Il faut pourtant comprendre qu'en les excluant sans autre forme de procès du débat politique, on les marginalise et on leur donne raison de ne pas remplir leur devoir de citoyen. Moi je m'inquiète pour ma génération, qui doit et devra faire face à des conjonctures bien différentes de celles qu'ont connu nos parents et nos grand-parents.

Qu'en est-il de nos assurances sociales? Tiendront-elles jusqu'à ce que nous atteignons nous aussi l'âge de la retraite? Aurons-nous une politique monétaire qui laisse un peu d'espace à l'inflation pour que nous puissions emprunter et être en mesure de rembourser sans se saigner aux quatre veines, par exemple pour monter sa propre affaire? Aurons-nous le droit à des stratégies réfléchies pour permettre aux évolutions démographiques (élévation de l'espérance de vie, moins de naissance, etc.) de ne pas trop influer sur nos situations financières?

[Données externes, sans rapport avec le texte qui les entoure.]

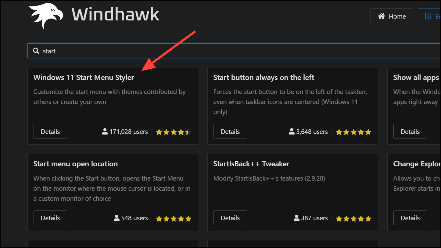 Step 2: After installation, open Windhawk and go to the Mods section in the upper right menu. Search for and install the Windows 11 Start Menu Styler mod. This mod enables theme integration and advanced customization options for the Start menu.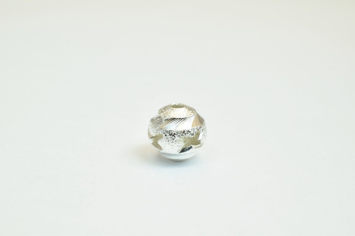 100 PCs Silver Plated Carved Round Beads 8mm Diamond Cut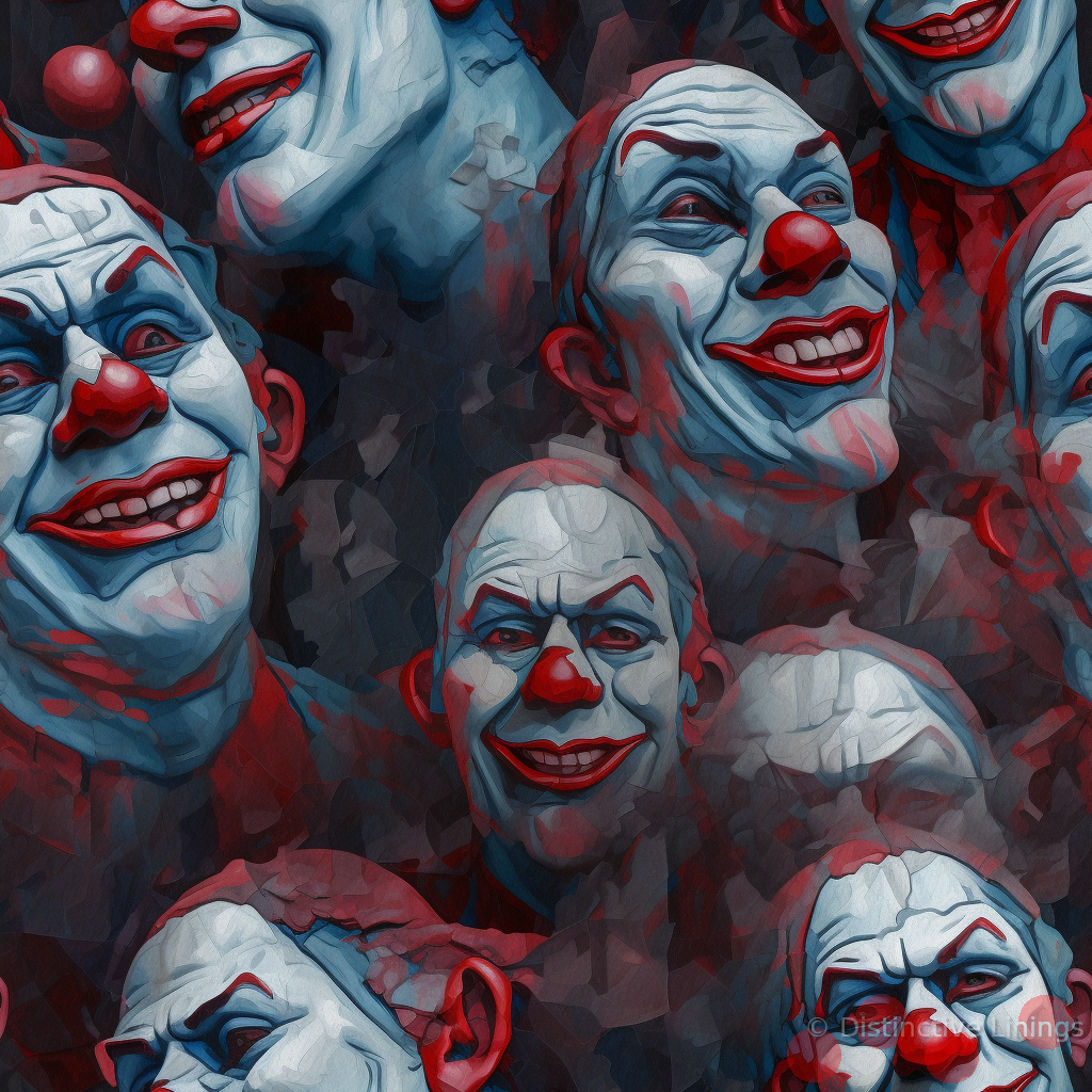An intriguing kaleidoscope of dark slate gray, silver, dark gray, sienna and light slate gray create an incredible depth and complexity to the design. The captivating motif, inspired by the unconventional theme of 'killer clowns', offers a touch of eccentricity and flair to your custom-made jackets.

Oui, alors que les politiques se tournent vers les classes d'âge où les électeurs sont les plus nombreux, je m'interroge en tant que jeune, au titre de la génération qui prendra les commandes dans quelques années, quelle société allez-vous nous laisser? Les deux seuls politiciens que j'ai entendu ces derniers mois parler des générations futures avec conviction, ce sont les PLR François Longchamp et Didier Burkhalter. Quel fardeau devrons-nous porter parce que les décideurs auront sciemment mis de côté l'intérêt des plus jeunes, moins rentable électoralement? Ces questions, je me dois de les poser. Nous, les jeunes, avons le devoir de nous engager. De changer cette situation. Mais du côté des politiques actuels, ils doivent aussi faire leur part d'introspection. Si gouverner, c'est prévoir, alors nous devrions tous être d'accord. En attendant, mes inquiétudes demeurent.